··· DATA SECTION

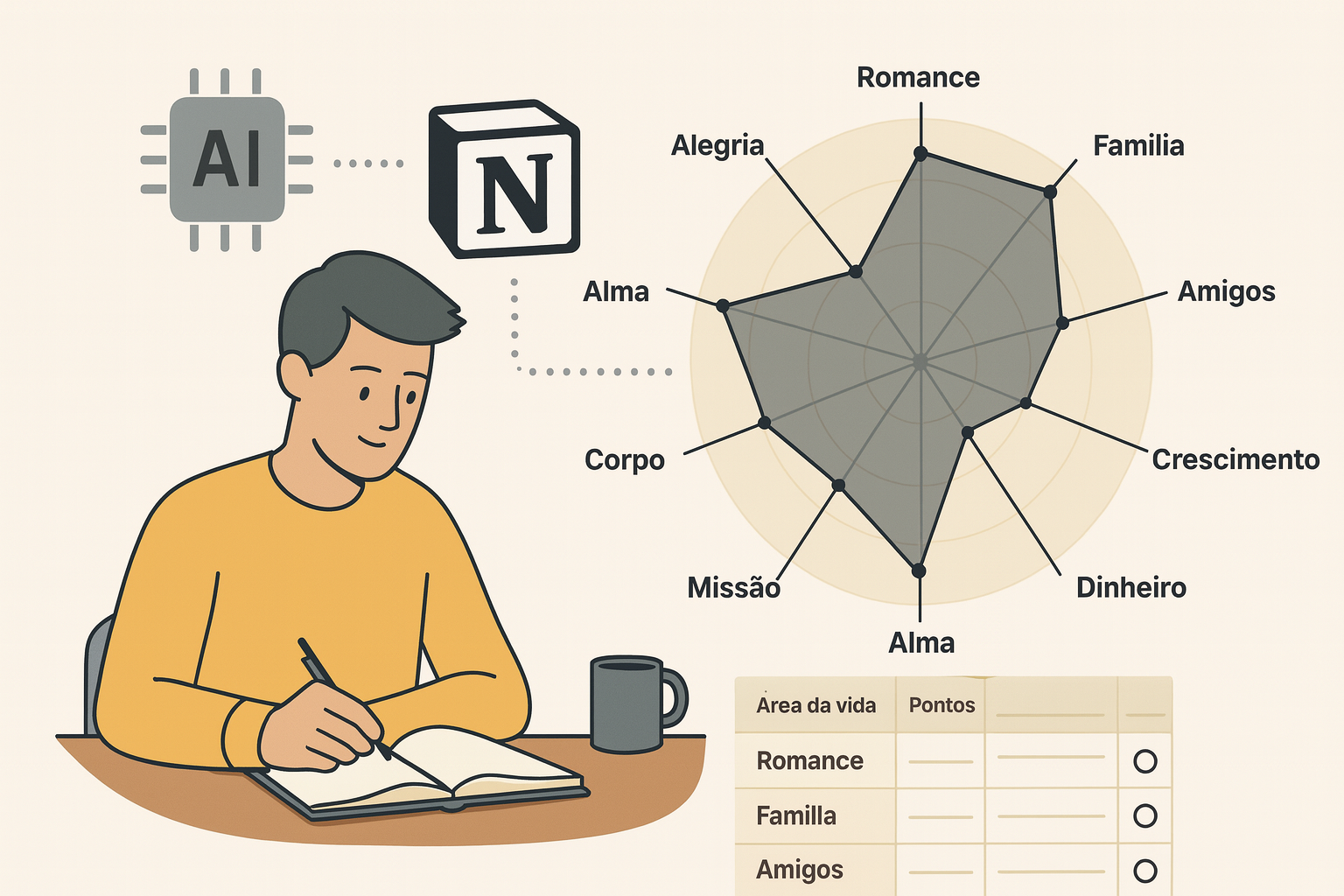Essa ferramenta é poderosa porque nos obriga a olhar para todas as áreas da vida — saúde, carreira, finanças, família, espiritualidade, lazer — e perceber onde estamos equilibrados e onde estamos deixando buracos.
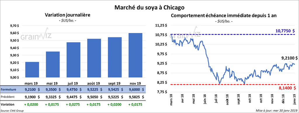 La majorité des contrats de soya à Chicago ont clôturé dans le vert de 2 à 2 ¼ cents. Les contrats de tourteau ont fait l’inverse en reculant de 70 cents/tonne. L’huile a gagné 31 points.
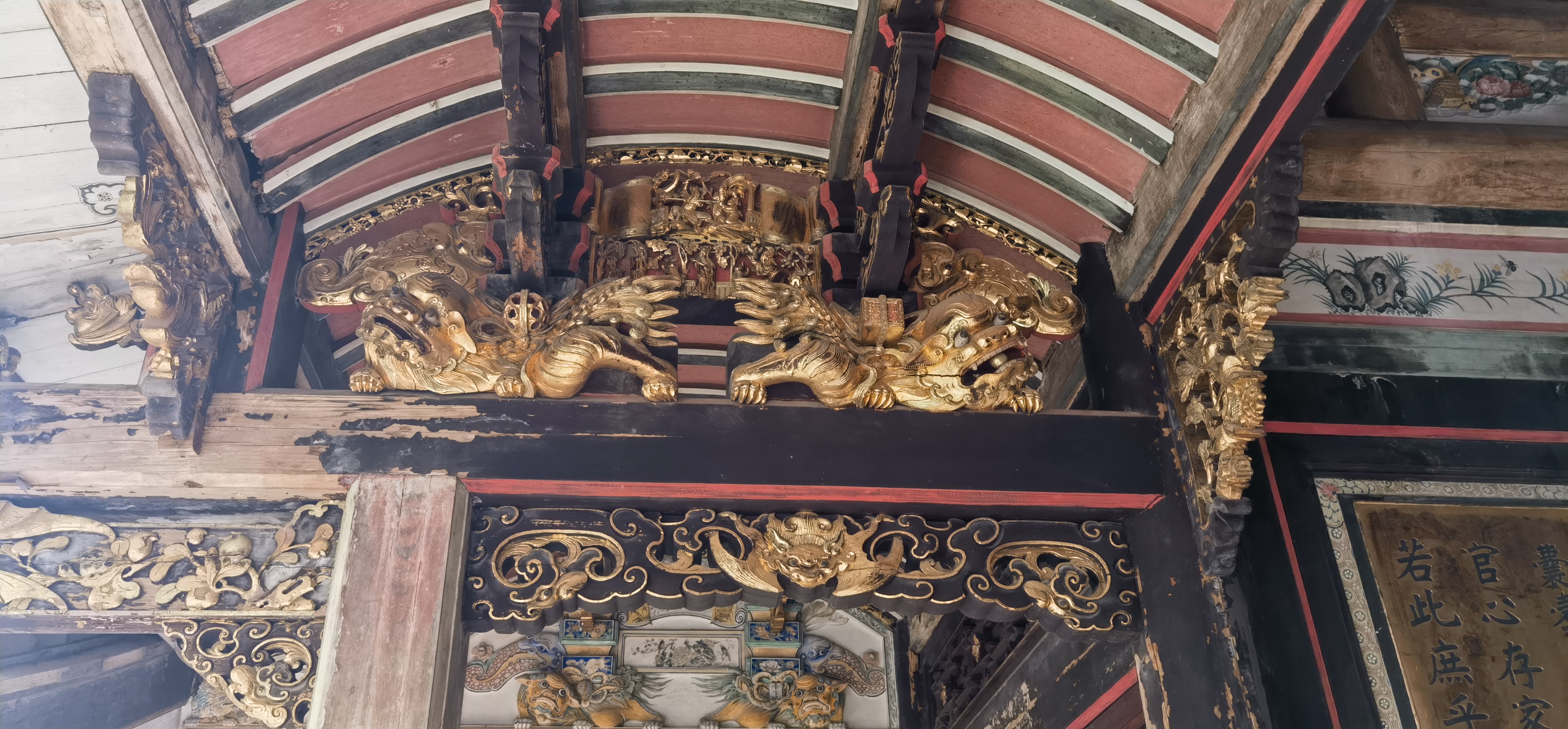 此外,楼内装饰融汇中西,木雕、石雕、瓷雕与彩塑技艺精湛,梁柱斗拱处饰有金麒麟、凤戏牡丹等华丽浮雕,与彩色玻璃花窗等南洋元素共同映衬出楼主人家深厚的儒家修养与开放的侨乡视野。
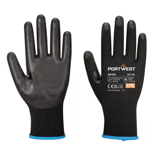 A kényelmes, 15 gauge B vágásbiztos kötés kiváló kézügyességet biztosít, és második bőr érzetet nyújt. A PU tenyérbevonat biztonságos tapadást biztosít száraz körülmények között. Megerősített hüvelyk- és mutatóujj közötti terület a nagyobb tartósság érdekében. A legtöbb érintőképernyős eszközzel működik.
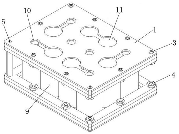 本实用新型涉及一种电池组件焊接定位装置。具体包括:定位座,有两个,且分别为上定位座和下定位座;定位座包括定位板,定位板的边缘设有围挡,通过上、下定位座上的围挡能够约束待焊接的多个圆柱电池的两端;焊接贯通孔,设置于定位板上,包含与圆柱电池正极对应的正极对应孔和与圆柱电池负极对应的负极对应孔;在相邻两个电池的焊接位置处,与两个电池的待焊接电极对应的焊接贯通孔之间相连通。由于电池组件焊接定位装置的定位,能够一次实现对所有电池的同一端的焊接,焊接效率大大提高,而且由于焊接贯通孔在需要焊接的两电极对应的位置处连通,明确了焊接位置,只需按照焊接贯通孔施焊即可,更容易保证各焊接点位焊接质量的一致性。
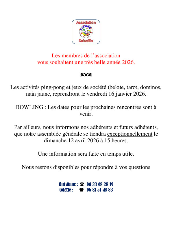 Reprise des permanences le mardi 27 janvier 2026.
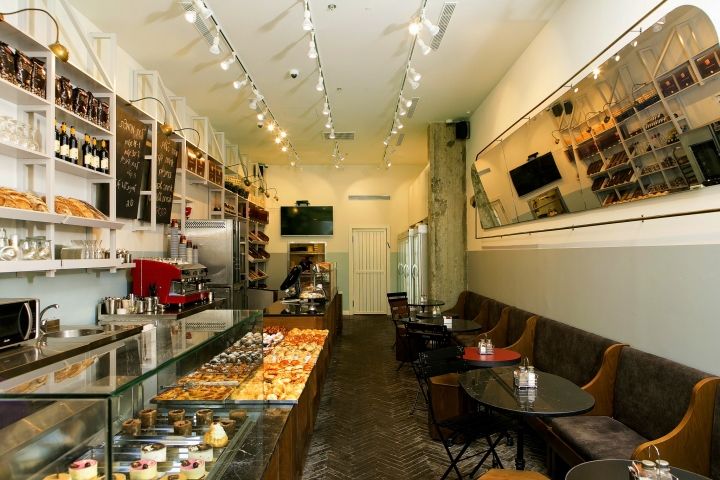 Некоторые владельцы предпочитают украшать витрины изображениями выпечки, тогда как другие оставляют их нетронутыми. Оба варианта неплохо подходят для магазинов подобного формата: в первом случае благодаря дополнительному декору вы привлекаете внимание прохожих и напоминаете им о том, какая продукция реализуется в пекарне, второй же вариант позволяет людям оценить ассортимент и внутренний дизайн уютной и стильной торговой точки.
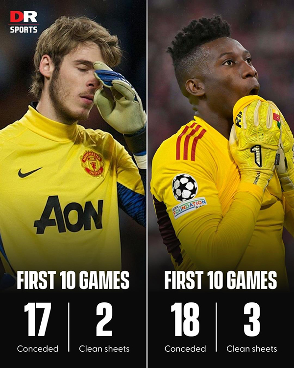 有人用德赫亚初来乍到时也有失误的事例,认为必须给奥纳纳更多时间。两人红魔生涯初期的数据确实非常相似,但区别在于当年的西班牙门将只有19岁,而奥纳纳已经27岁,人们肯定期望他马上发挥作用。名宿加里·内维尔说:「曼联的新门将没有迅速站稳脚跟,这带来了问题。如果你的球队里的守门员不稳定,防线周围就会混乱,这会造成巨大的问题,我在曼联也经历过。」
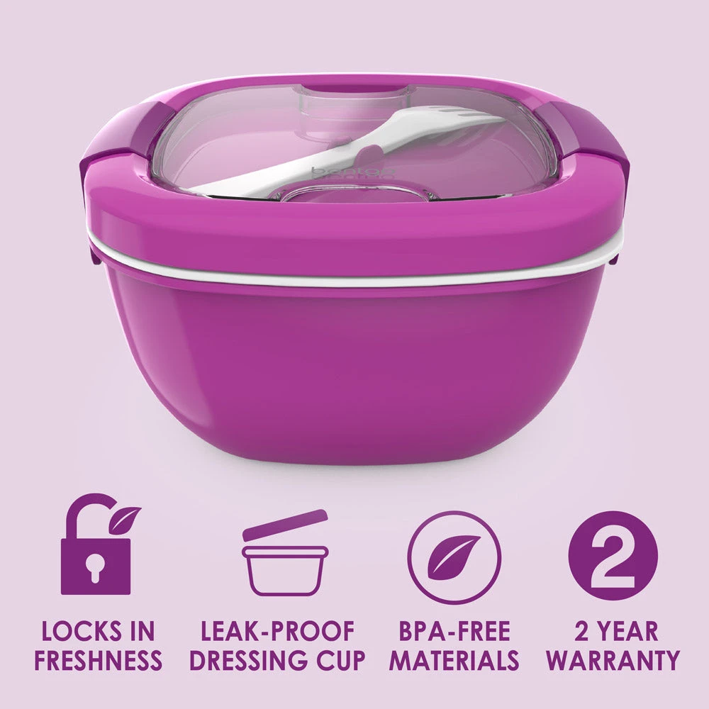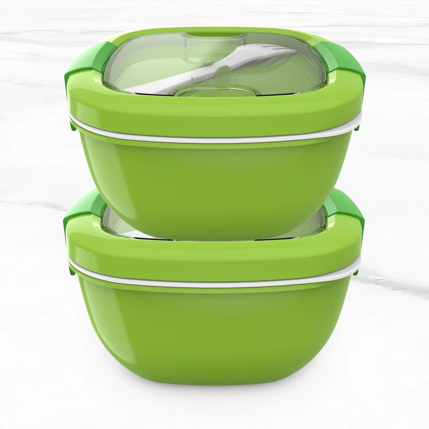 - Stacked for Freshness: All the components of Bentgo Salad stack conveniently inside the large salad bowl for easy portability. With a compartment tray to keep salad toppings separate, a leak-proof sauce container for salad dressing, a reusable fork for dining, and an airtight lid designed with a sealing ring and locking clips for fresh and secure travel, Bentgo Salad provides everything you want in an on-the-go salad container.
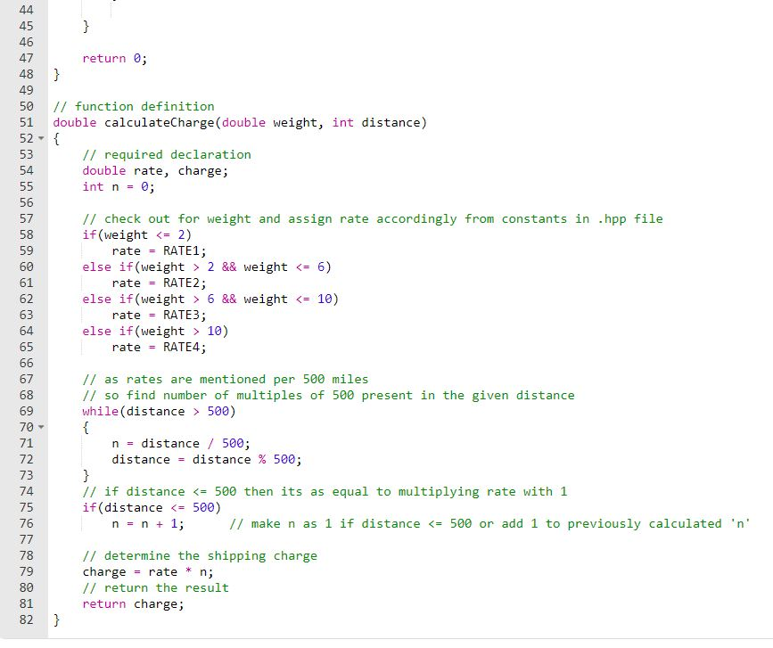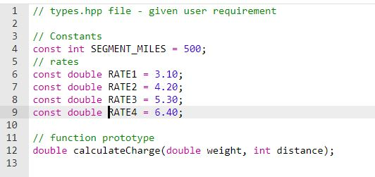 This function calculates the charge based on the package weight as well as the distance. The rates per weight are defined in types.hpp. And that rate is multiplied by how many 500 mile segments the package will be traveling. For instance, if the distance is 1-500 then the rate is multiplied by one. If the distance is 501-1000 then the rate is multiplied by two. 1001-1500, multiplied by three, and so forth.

······

PROBLEM:
Give back only the lines from the one that carries "有人用德赫亚初来乍到时也有失" through the final line above, both included. Drop all pictures.

TASK RESULT:
 有人用德赫亚初来乍到时也有失误的事例,认为必须给奥纳纳更多时间。两人红魔生涯初期的数据确实非常相似,但区别在于当年的西班牙门将只有19岁,而奥纳纳已经27岁,人们肯定期望他马上发挥作用。名宿加里·内维尔说:「曼联的新门将没有迅速站稳脚跟,这带来了问题。如果你的球队里的守门员不稳定,防线周围就会混乱,这会造成巨大的问题,我在曼联也经历过。」
 - Stacked for Freshness: All the components of Bentgo Salad stack conveniently inside the large salad bowl for easy portability. With a compartment tray to keep salad toppings separate, a leak-proof sauce container for salad dressing, a reusable fork for dining, and an airtight lid designed with a sealing ring and locking clips for fresh and secure travel, Bentgo Salad provides everything you want in an on-the-go salad container.
 This function calculates the charge based on the package weight as well as the distance. The rates per weight are defined in types.hpp. And that rate is multiplied by how many 500 mile segments the package will be traveling. For instance, if the distance is 1-500 then the rate is multiplied by one. If the distance is 501-1000 then the rate is multiplied by two. 1001-1500, multiplied by three, and so forth.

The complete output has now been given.